| November/December 1978

641 Park Avenue, N. Mankato, Minnesota 56601

I am a partner with John P. Hiniker in restoring and saving old tractors and gas engines. John sells decals for some tractors and engines. We have 40 tractors and 30 gas engines, plus several separators, binders, and equipment of bygone days. Our biggest tractor is a 35.-70 Minneapolis Cross mount weighing 12 tons. The biggest engine is a 16 HP Eagle single cylinder. John can take a piece of pure junk and make it look and run like it had never been used!

My wife, Lorraine, boys, Nick and Chris, and girls, Cathy and Liz, also take a great interest in these old machines. We all have been reading G.E.M. from the start.

A few years ago Glenn Karch, R.R. 2, Haulstadt, Indiana, wanted information on auto sparkers. I have a book called 'The Practical Gas Engineer' that shows and tells about them. This was written June 1, 1901.

An auto sparker is really a D.C. (direct current) dynamo...something like a modern day generator with a governor to control the speed. The dynamo depends on its fields from which its current is generated. The rapidly revolving armature between the wound fields of the dynamo excites them and a current is generated. A magneto that we are familiar with depends on permanent magnets for the generating of its current. The armature revolving rapidly between permanent magnets generates a current.
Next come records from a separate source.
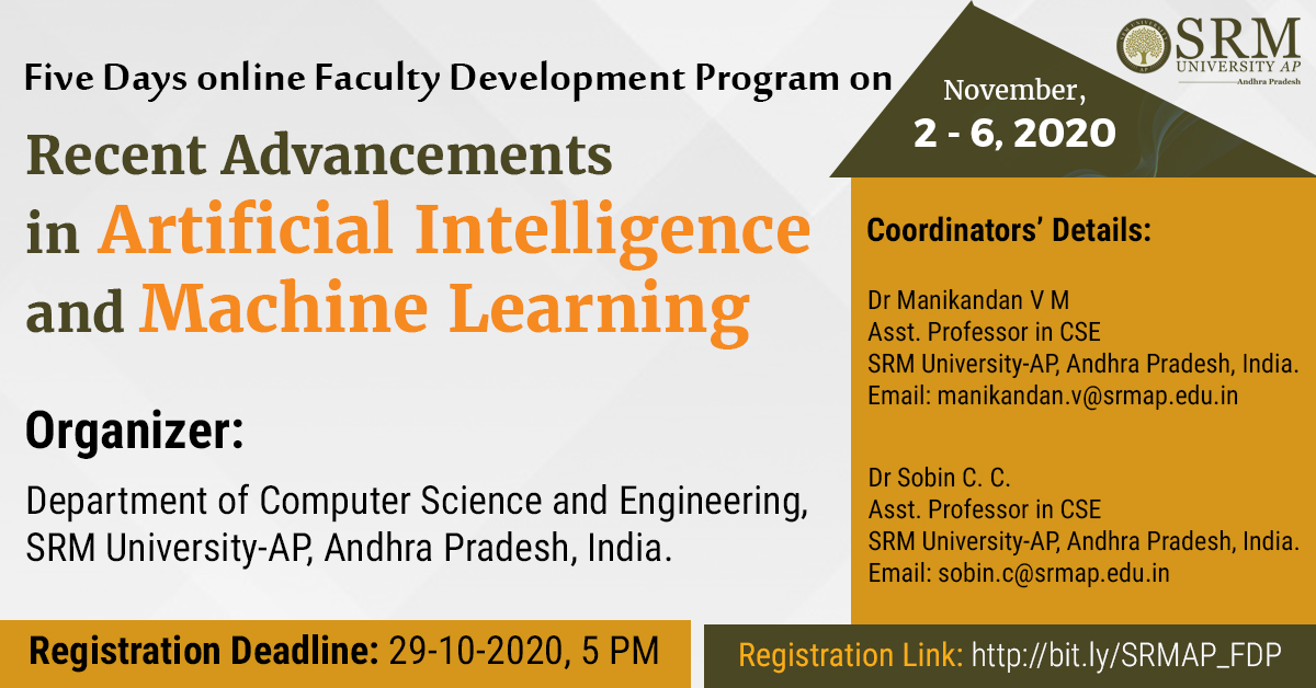Department of Computer Science and Engineering, SRM University-AP, Andhra Pradesh is orchestrating a five-day online Faculty Development Programme (FDP) on “Recent Advancements in Machine Learning and Artificial Intelligence” from November 2, 2020, till November 6, 2020. The programme will be split into two sessions, where the first session will be held from 9.30 AM to 11 AM, and the second session will commence at 11.30 AM and end at 1 PM. During the FDP, Resource persons will be sharing knowledge during the morning sessions of the FDP to inspire, and mentor the faculty. Among the venerated speakers, Prof Dipti Prasad Mukharjee, Professor, Electronics and Communication Sciences Unit, ISI Kolkata, India will be delivering a lecture on “Machine Learning Techniques for Computer Vision”. Further, Dr V Masilamani, Associate Professor, Computer Engineering, Indian Institute of Information Technology Design and Manufacturing (IIITDM) Kancheepuram, Tamil Nadu, India, will be sharing insights on “Machine Learning for Image Quality Assessment”.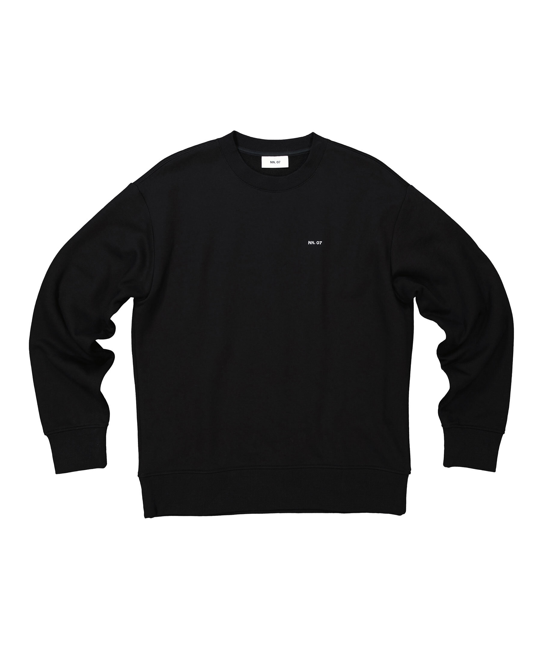 Svart klassisk crewneck sweatshirt från NN07 med rund halsringning. Gjord i en len organisk bomullsblandning. Det här plagget är en borstad fleece med broderi med logga på bröstet. Normal passform.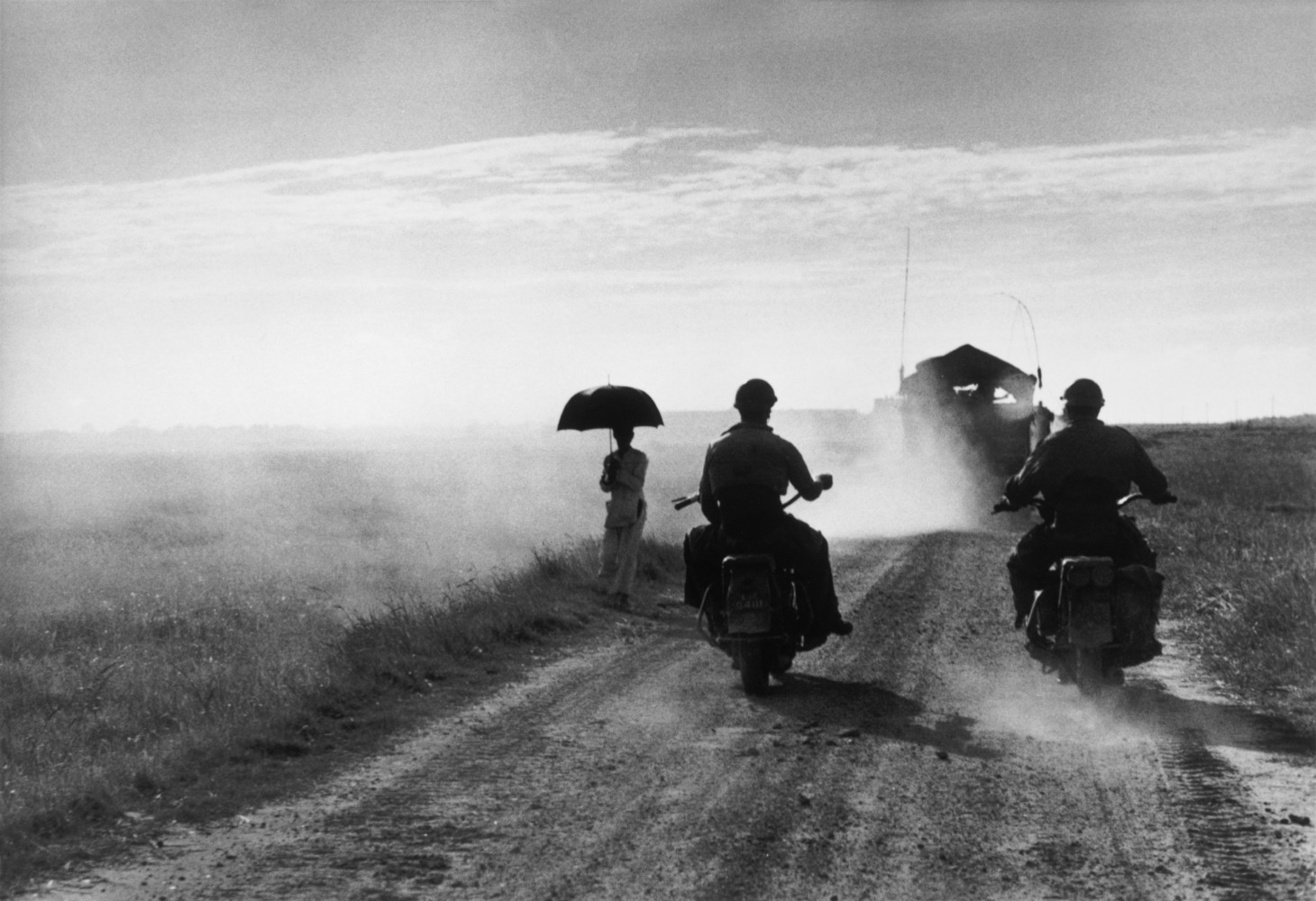 Motorcyclists and woman walking on the road from Nam Dinh to Thai Binh. Indochina, Vietnam. May, 1954.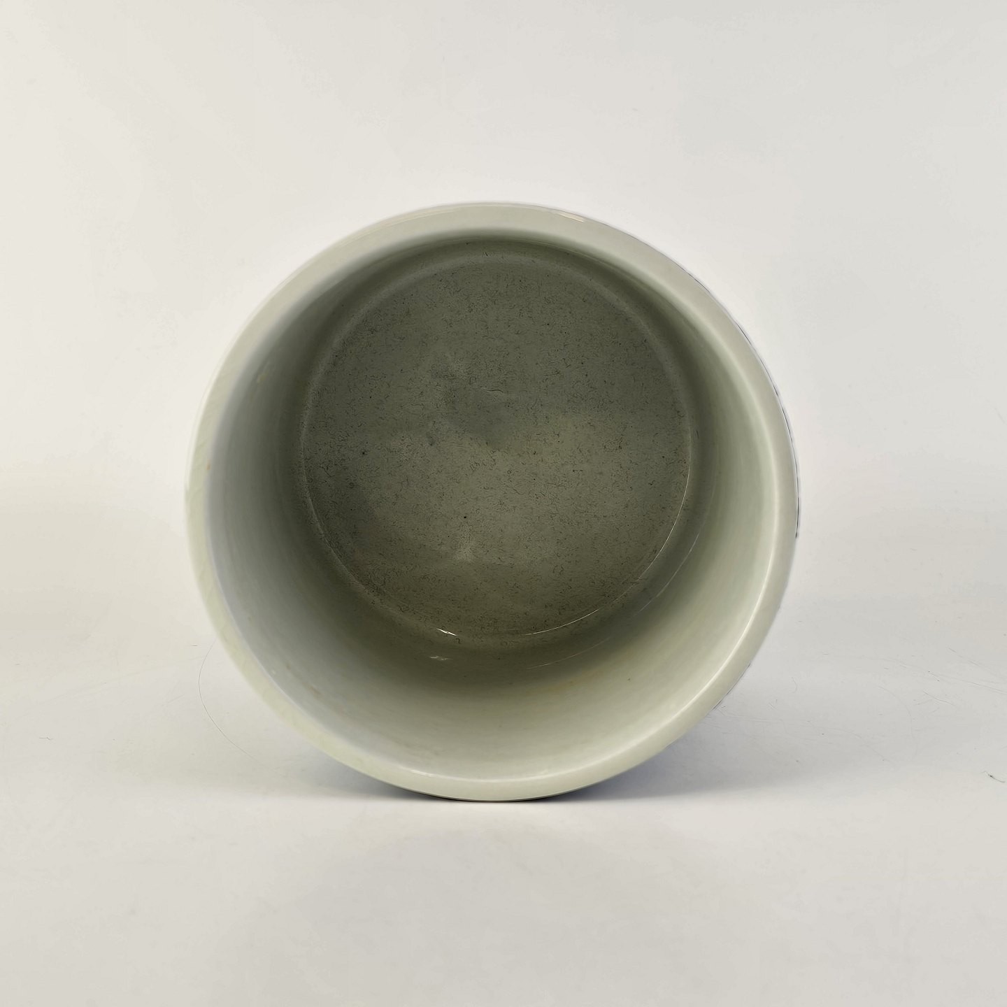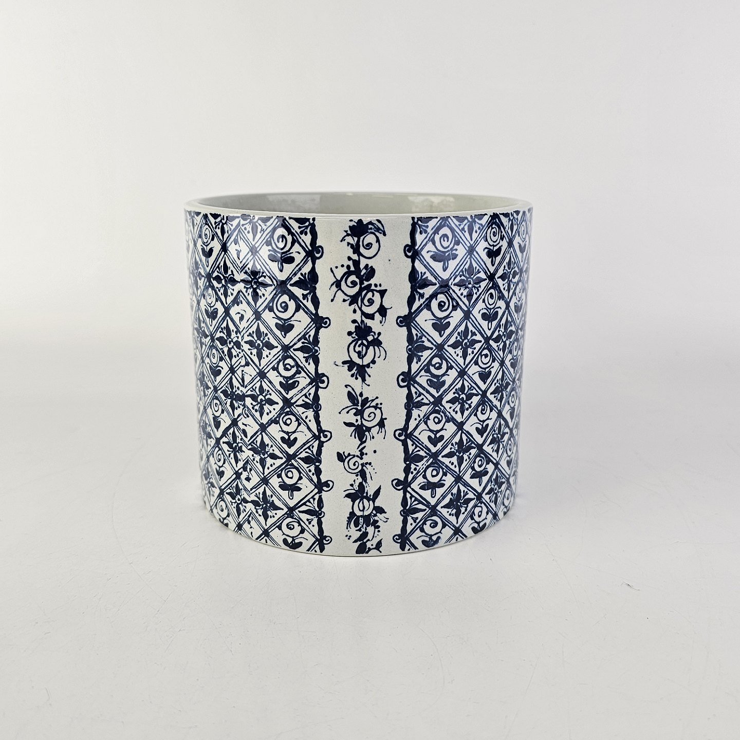 Urtepotteskjuler af keramik med et sort/hvidt mønster af en kvinde og blomster og teksten KolerikerNo 3023-698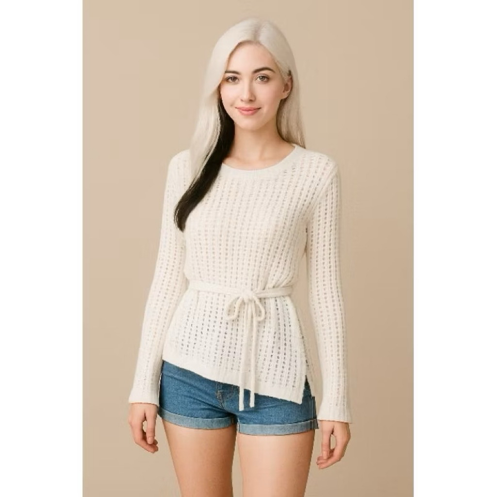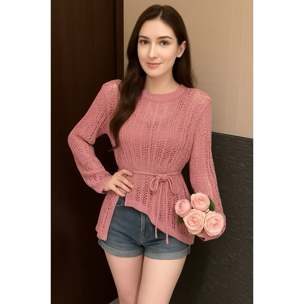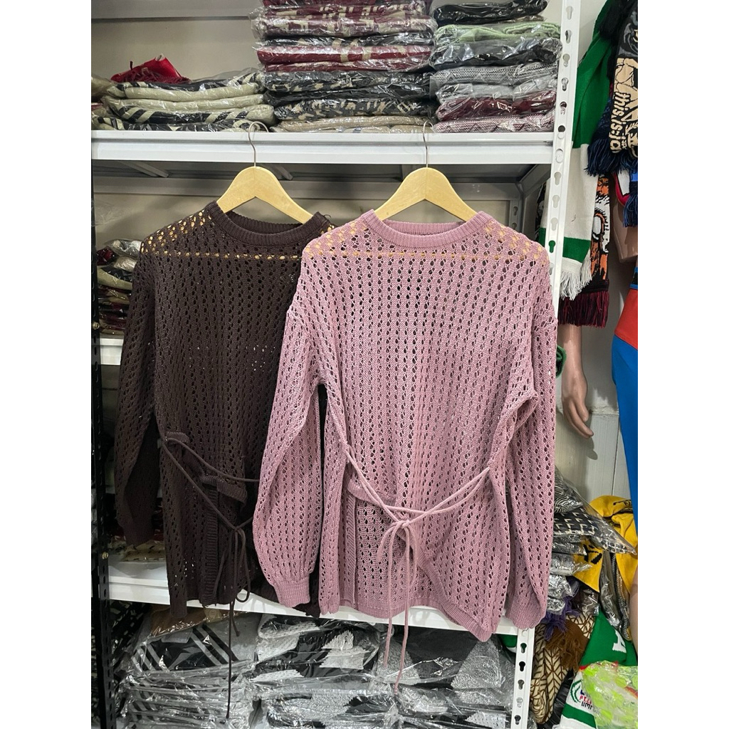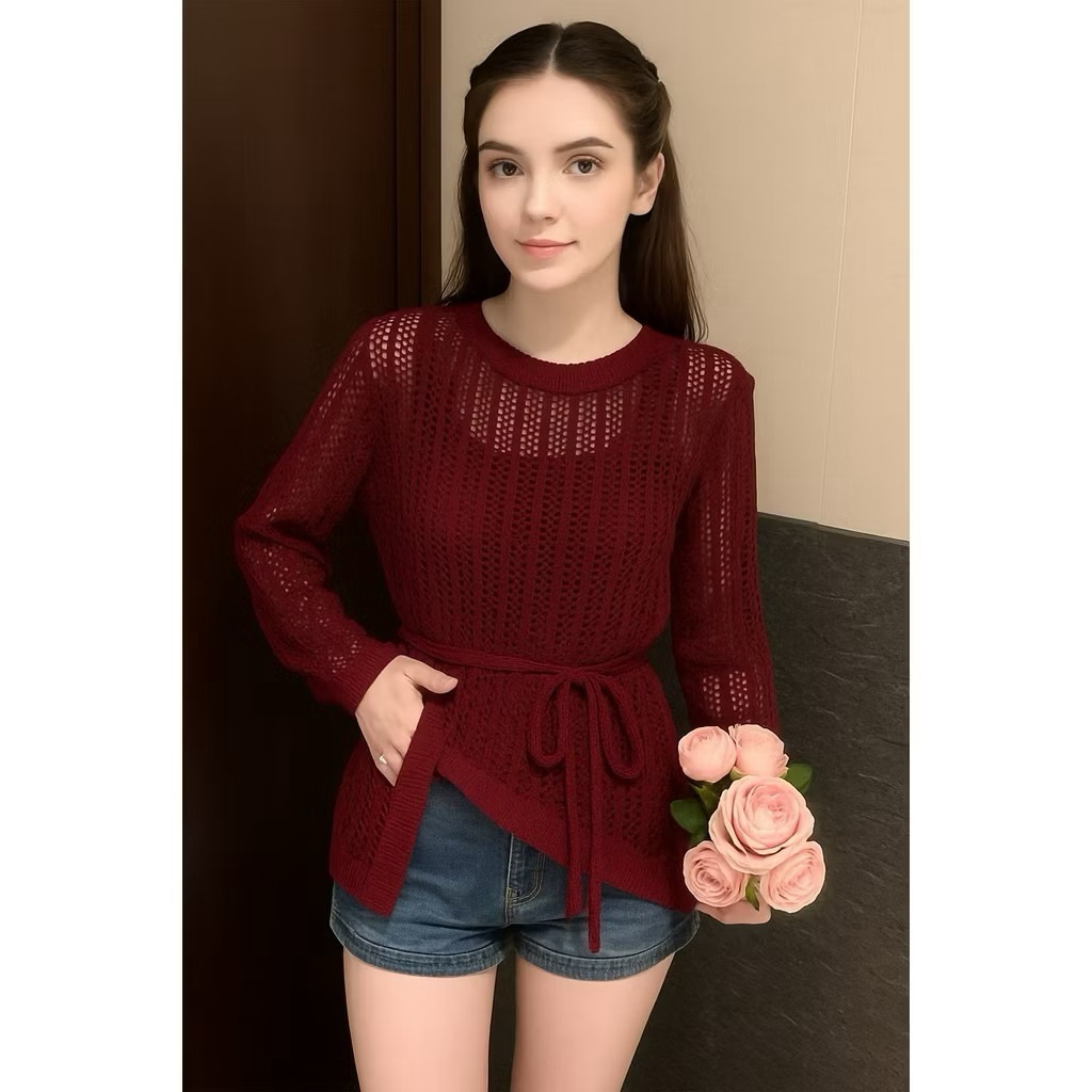Baju Tunik Selempang Wanita Bahan Rajut Lengan Panjang Jaring Bolong Bolong Korean Style Tebal By Yuruma

The dynamo, or auto sparker, is a small generator constructed on principles similar to a dynamo or generator used for electric lighting purposes - a miniature machine with current capacity only sufficient to produce a good strong igniting spark at all times. Storage and other batteries are used in connection with some of these dynamos for starting purposes. They require a certain speed before they will generate an igniting current. This speed must not vary to any great extent. If much below the normal, the current will be too weak for igniting purposes. If speed runs above normal, there is danger of burning out the field winding. Therefore, if the dynamo were set at a speed to generate an igniting current, when the engine is turned over by hand, it would quickly burn out its field coils under full speed of engine, unless some governing device were used. Consequently, the engine is started from a battery current, and when the dynamo has gained a generating speed which is attained at full speed of the engine, its current is switched onto the engine and the battery current is cut out.